Beate will etwas bewegen und kriegt prompt eins aufs Maul. Wenn Beate brav mitlabern würde in Meetings, würde man sie in Ruhe lassen und befördern, »bebonussen« und bespaßen wie alle anderen mitlaufenden Mistbauer auch. Wenn sie dagegen etwas bewegen möchte und darauf hinweist, dass jede Maßnahme ein Ziel und einen Verantwortlichen braucht, kriegt sie Ärger und mindert ihre Karriereaussichten (weswegen viele Führungsfrauen irgendwann entnervt aufgeben – Männer gehen in die innere Emigration). Das ist pervers?
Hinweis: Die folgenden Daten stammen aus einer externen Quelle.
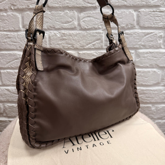 Bottega Veneta 1990s Bottega Veneta Taupe & Beige Lizard Leather Tote
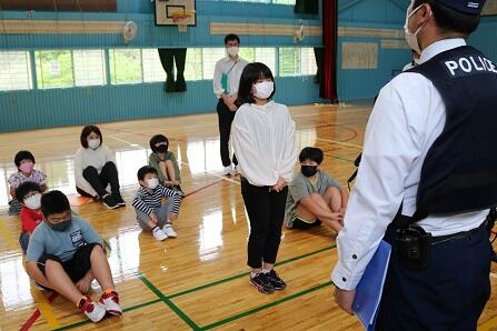 5時間目に椎葉村駐在所のお二人に来校していただき、不審者対応避難訓練を行いました。警察の方に不審者役をしていただき、児童を避難させる、助けを求める、取り押さえる、通報するという役割を分担して行いました。こういったことはなかなか起きない、起きてほしくないことではありますが、備えることはとても大切です。警察の方を取り押さえるときに、不思議と本当の不審者に思えてきました。
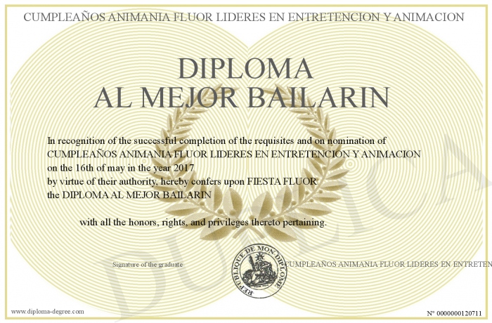 Certificate-degree can have your DIPLOMA AL MEJOR BAILARIN
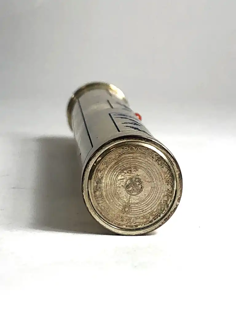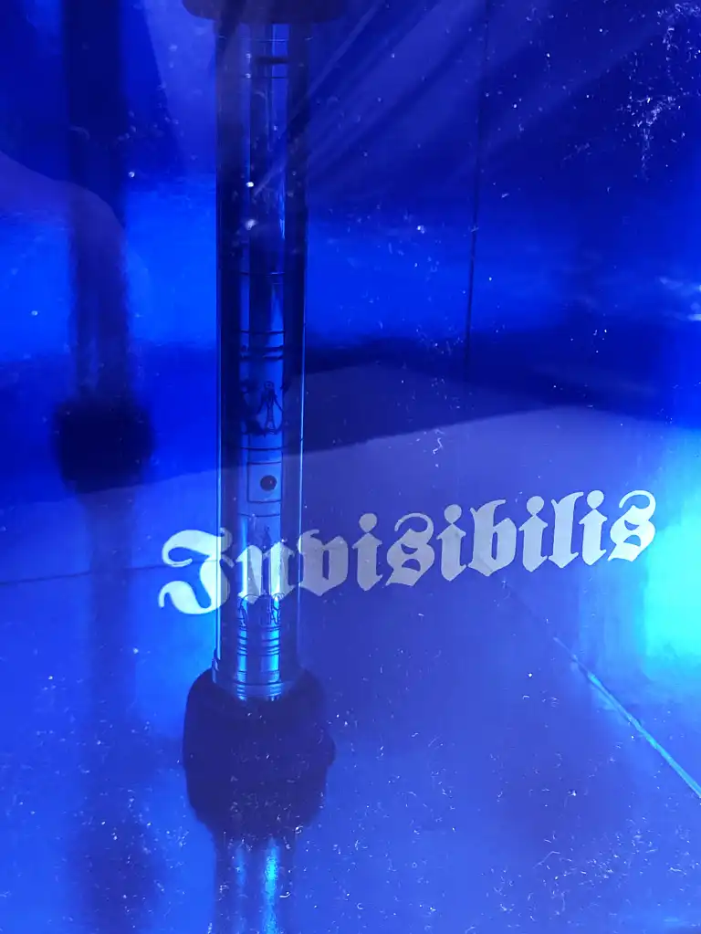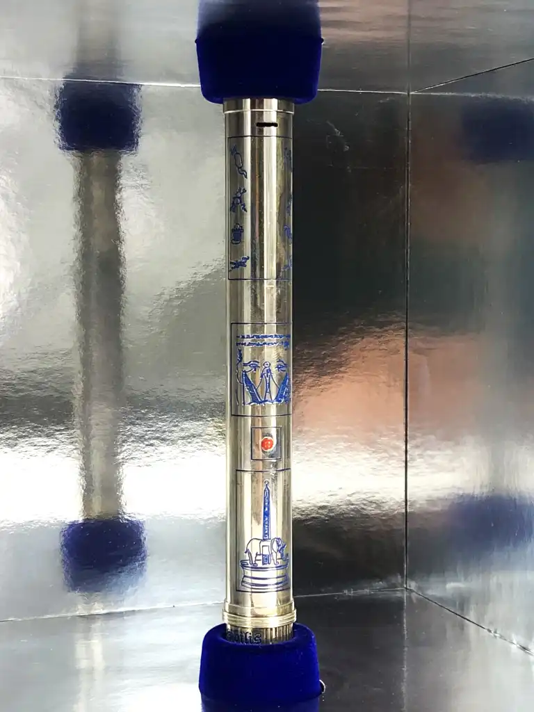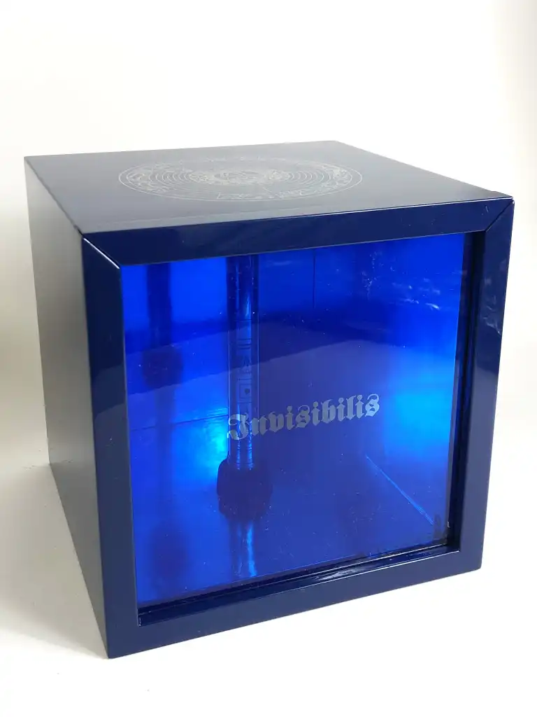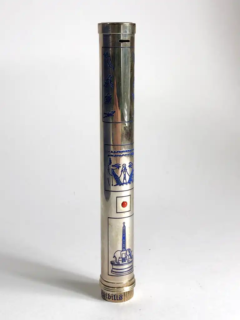 OMAS. Modèle Invisibilis. Stylo plume en argent massif 925. Plume en or gris 18 K (750), moyenne. Le capuchon à décor gravé et émaux bleu représente cinq images symboliques ésotériques. Le corps est gravé de runes. Remplissage à réservoir.
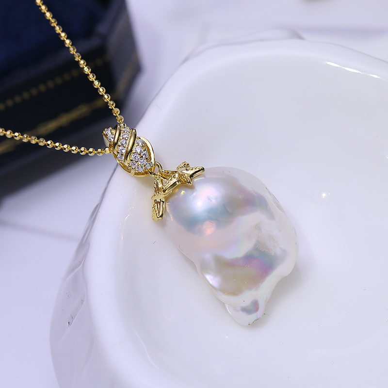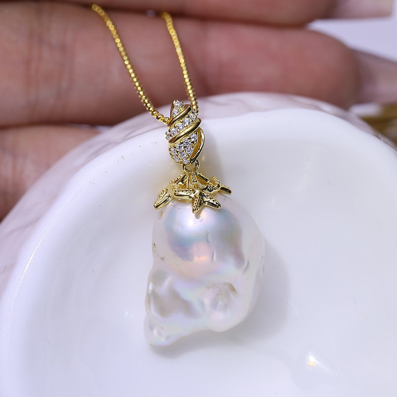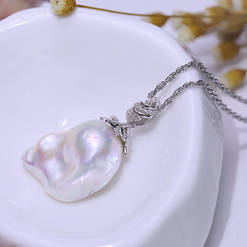 DIY配件 S925纯银珍珠吊坠空托 精美优雅巴洛克项链坠子银托女

Nein, das ist modernes Management: Wer wirklich etwas bewegen will, wird abgestraft – zur Hölle mit den Konsequenzen! Diese waren in Beates Fall drastisch.
Den Kunden, um den es im Meeting ging, hat der Konzern verloren. Natürlich. Nasenlandung. Weil einige der besprochenen Aktionen nicht durchgeführt wurden. Nicht aus bösem Willen, sondern weil sich keiner so recht dafür zuständig fühlte. Zuständigkeit war auch nicht Thema des »Eskalationsmeetings«. Zuständigkeit ist ein Fremdwort für Mistbauer. Das finden Sie ein wenig hart formuliert? Dann sollten Sie mal Beate hören.
Beate tobt mindestens zweimal die Woche: »Was soll man mit solchen Vorgesetzten anfangen? In den Orbit schießen? Die ruinieren unser Business! Die fahren Kunden sauer! Wir verlieren Millionen Umsatz, bloß weil die zu dämlich sind, in einem Meeting Verantwortlichkeiten festzulegen!« Sie können Beates Wut verstehen? Das ist ein Hinweis darauf, dass Sie kein gewöhnlicher Mensch sind. Dass Sie über eine seltene Schlüsselfähigkeit verfügen. Wollen Sie es genauer wissen?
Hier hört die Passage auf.